Lighter inspections to be more rigorous

30th May 2003, 1:00am
The new regime at Ofsted due in September seems a contradiction in terms. Michael Shaw reports

INSPECTIONS of primary schools should become more rigorous as the pressure on test targets is reduced, Education Secretary Charles Clarke has urged.

Mr Clarke told MPs and citizenship group leaders that he wanted inspectors to examine individual subjects with “more rigour and accuracy” as part of the changes to primary school assessment announced last week.

The minister, who has discussed the matter with chief schools inspector David Bell, has also requested headteachers’ views on including judgments from the Office for Standards in Education in school league-tables.

The calls for tougher inspections appear to contradict claims by Mr Clarke and Mr Bell that they want a lighter-touch Ofsted regime.

However, the chief inspector said that inspections of secondary and primary schools will be both lighter and more rigorous under the new inspection system, which will be introduced in September.

Under the updated framework, due to be published today, headteachers will rate aspects of their schools’ work from grade one (excellent) to grade seven (poor) on forms.

Inspectors will then tailor their visits to individual schools according to information provided in the self-evaluation, spending less time examining areas where the school needs little assistance.

“A more rigorous inspection doesn’t have to be a longer one,” Mr Bell said.

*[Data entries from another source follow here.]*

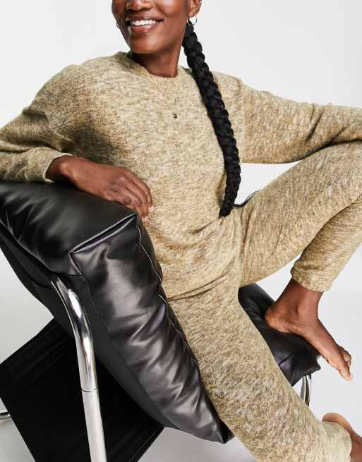 ASOS DESIGN – Gulmelerat set med borstad sweatshirt och mjukisbyxor
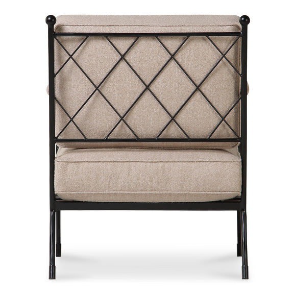 Gillian Segal for Moe's The Vecchia accent chair draws its inspiration from the revered ambiance of Italy's Posta Vecchia hotel, blending timelessness with understated elegance. Crafted with a hammered metal finish, its iron frame showcases a unique lattice detail on the back, crowned with a decorative finial, paying homage to historic Italian craftsmanship. The chair's upholstered seat, complemented by refined piping detail, speaks to comfort and an easy-to-maintain aesthetic grace.
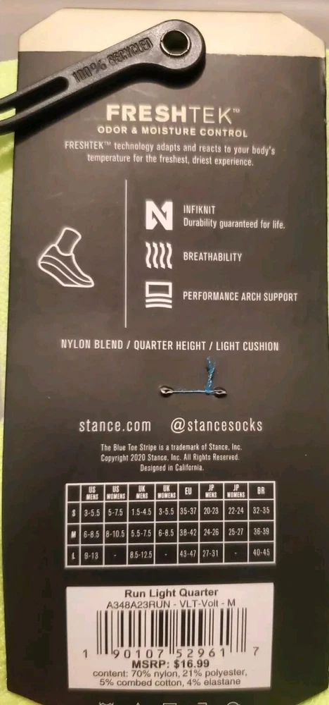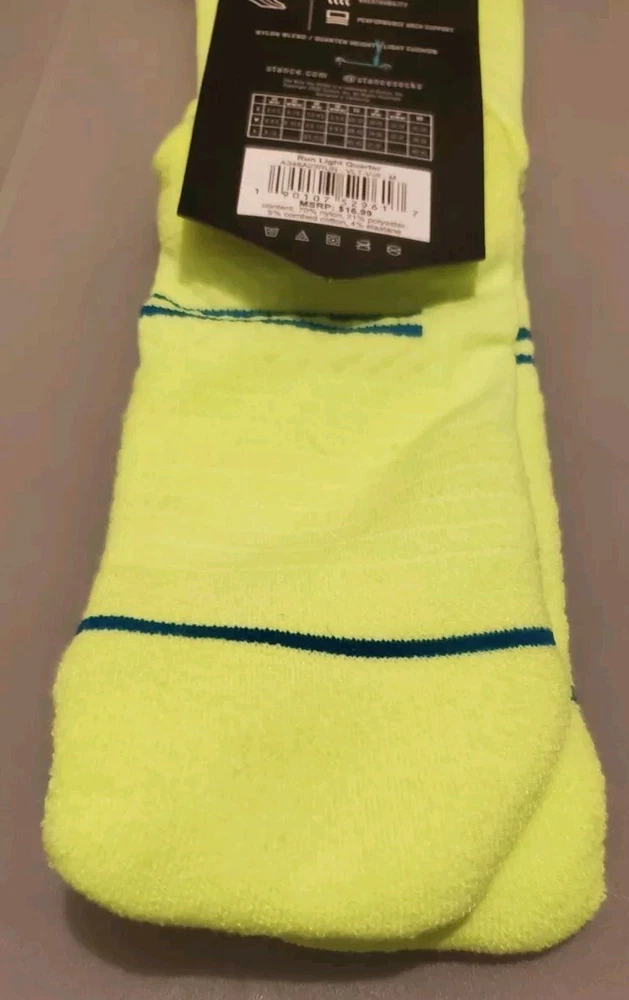 Elevate your sock game with these Stance Run Light Quarter Ankle Socks in Volt Blue. Designed for performance, these socks feature arch support, cushioning, and moisture-wicking technology to keep your feet comfortable and dry during any activity. The mid-calf length and lightweight construction make them perfect for all seasons, whether you're hitting the gym, going for a run, or just running errands. Made from a blend of polyester, nylon, combed cotton, and elastane, these socks are machine washable and easy to care for. They come in a size medium (6-8.5) and are perfect for men who want to add a touch of style to their wardrobe. With their solid pattern and green color, these socks are versatile enough to wear with any outfit. Pictures are of actual socks. Brand new never worn and no defects. Feel free to contact me with any questions.

“Schools felt that we didn’t give enough attention to individual subjects, so we will do in future, but the length of inspections is not going to increase.”

Schools will be asked to give pupils anonymous tick-box questionnaires, based on samples provided by Ofsted, to gauge their opinions on their lessons and the behaviour of fellow students.

“Short” inspections, which only a fraction of schools received, will be scrapped after complaints from heads that they were too superficial. But the average length of a standard inspection will shorten by a handful of days and successful schools will have gaps of up to six years between visits.

Inspectors will report examples of particularly impressive teaching methods or other good practice on the Ofsted website.

The format of the inspection reports will also be altered to make them easier for parents to read.

An Ofsted spokeswoman said the education watchdog planned to place less emphasis on the number of pupils in a school who receive free school meals - a controversial measurement of socio-economic status - and more on other factors such as pupils’ value-added results.

Copies of the inspectors’ handbooks for primary and secondary schools will be available from today, but sample Ofsted pupil questionnaires will not be sent to schools until the summer.